A. Yes, but not much.
The ACA states that all plans sold inside and outside the exchange must comply with the same rules regarding essential benefits (which the federal government is now allowing the states to define), cost-sharing levels and deductible limits.
Federal law does not require a market outside the exchange.
Federal law allows non-qualified plans to be sold outside the exchange but the requirements for being qualified have little to do with benefits or cost-sharing, the key components of insurance plan design.
The ACA state that “qualified plans” (the only kind that can sold in an exchange) can also be sold outside, but they must be sold at the same price inside and outside the exchange.
Q. If I’m the employer of a group smaller than one hundred what’s to keep me from dropping coverage and sending my employees to the exchange for a better deal?
A. Nothing. There has never been any legal requirement that an employer offer health insurance coverage to employees other than to complete coverage in a given benefit year or a collective bargaining agreement. If an employer ceases to offer coverage, employees become eligible for tax credits and cost-sharing subsidies in the exchange.
Q. So, when the exchange is up and running, won’t employers be tempted to cease offering health insurance altogether and direct their employees to the exchange?
A. It is possible, and that may be a good thing for employers and employees.
Employers would be relieved of one of their biggest financial burdens, the ever-growing cost of purchasing and managing health insurance benefits. They would also no longer have to do as much paperwork related to employee health benefits. Some employers may wish to drop coverage but continue making a reduced contribution to the cost of employee health insurance by raising salaries.
Affected employees would all be eligible for coverage in the exchange–in many cases more comprehensive coverage than they have today–and would get a significant federal tax credit to offset a part of the cost.

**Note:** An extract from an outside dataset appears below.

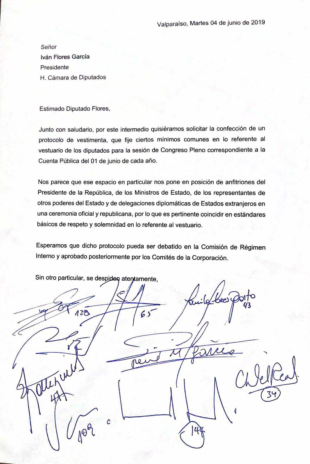 “Nos parece que la actitud de algunos diputados en particular, nos lleva a solicitar que haya un protocolo mínimo de vestuario para los actos oficiales como lo fue la cuenta pública, atendiendo sobre todo a que el 1 de junio es una instancia donde el Congreso hace de anfitrión del Presidente de la República, de embajadores de otros países y junto con eso nos pone de cara a la ciudadanía”, señalan los diputados.

Overall, the combined cost to employers and employees would be reduced. Our challenge will be to create a financing system in 2013 that is equitable for all employees and all non-employees too.
Q. Is there a penalty for an employer that drops employee coverage?
A. There is no penalty for an employer simply because he or she ceases to provider coverage. Beginning in 2014, however, there will be per-employee penalties for all employers with fifty or more employees who require employees to contribute more than 9.5% of salary to the cost of coverage or contribute less than 60% of the cost of covered services or have at least one fulltime employee in the exchange and qualified for a tax credit. It is generally thought that the size of penalties would be smaller than the cost to employers of providing coverage.